The Department for Culture, Media and Sport (DCMS -“improving the quality of life for all”) has just put out recommendations, taking the Live Music Act further in the direction of liberalisation and de-regulation. These things go in cycles. There are new civil servants involved, and quite rationally, they see the sense of unpicking the disproportionate and unnnecessarily restrictive powers given to Local Authorities by the 2003 Licensing Act, an Act for which their predecessors – who used to bang on about the link between live music and public disorder – were responsible, and which made music in small venues suffer.

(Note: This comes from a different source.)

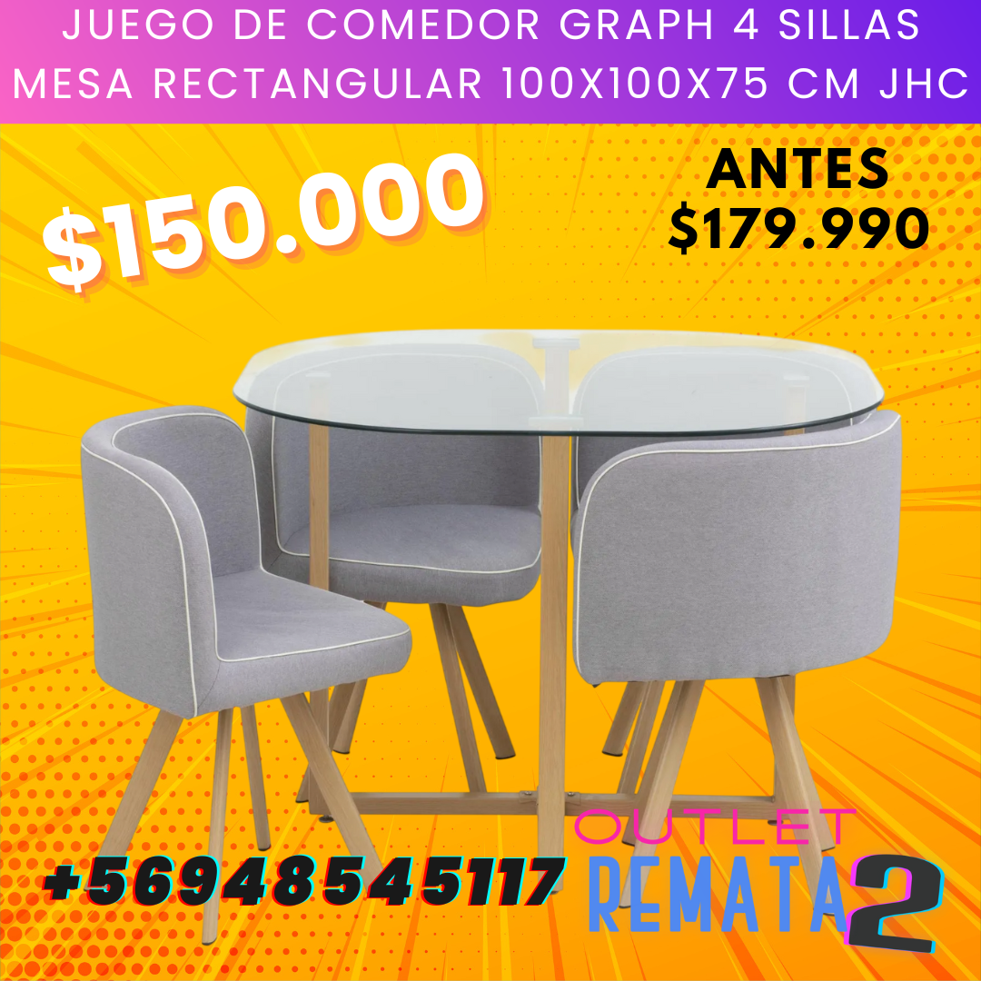 Be the first to review “Juego de Comedor Graph 4 Sillas Mesa Rectangular 100x100x75 cm JHC” Cancelar la respuesta

The document is “Entertainment Regiulation. DCMS Consultation response.” and was apparently out on Monday. (Who knew?) Insomniacs and anoraks are welcome to try the full document HERE. This is the key paragraph:
89. It is clear that the audience levels need to be adjusted to address the concerns that have been raised by respondents. Most entertainment activities that are licensable will be deregulated up to an audience threshold of 500 people, save for indoor sport, which will have a higher audience ceiling of 1000 people. Music activities will be deregulated up to audiences of 500 people in prescribed circumstances. There will also be a small number of controlled exemptions which will not have an upper threshold imposed.
90.The argument for a performance end time has been made persuasively, and an end time of 23:00 will apply to any deregulated activities.
Incidentally, you have to stand back in admiration of the neat tactics of the actors Union Equity: they asked for an exemption for up to 5,000, thus making the final proposal look very modest. The source here is para 36, in which, by contrast, the Musicians Union (correct me if I’m wrong) appear to be asking for a 200 exemption – something which the Live Music Act had already granted. Uh?
The Musicians Union did nothing aboutit until it was too late—as usual,but are now trying to tsake all the credit.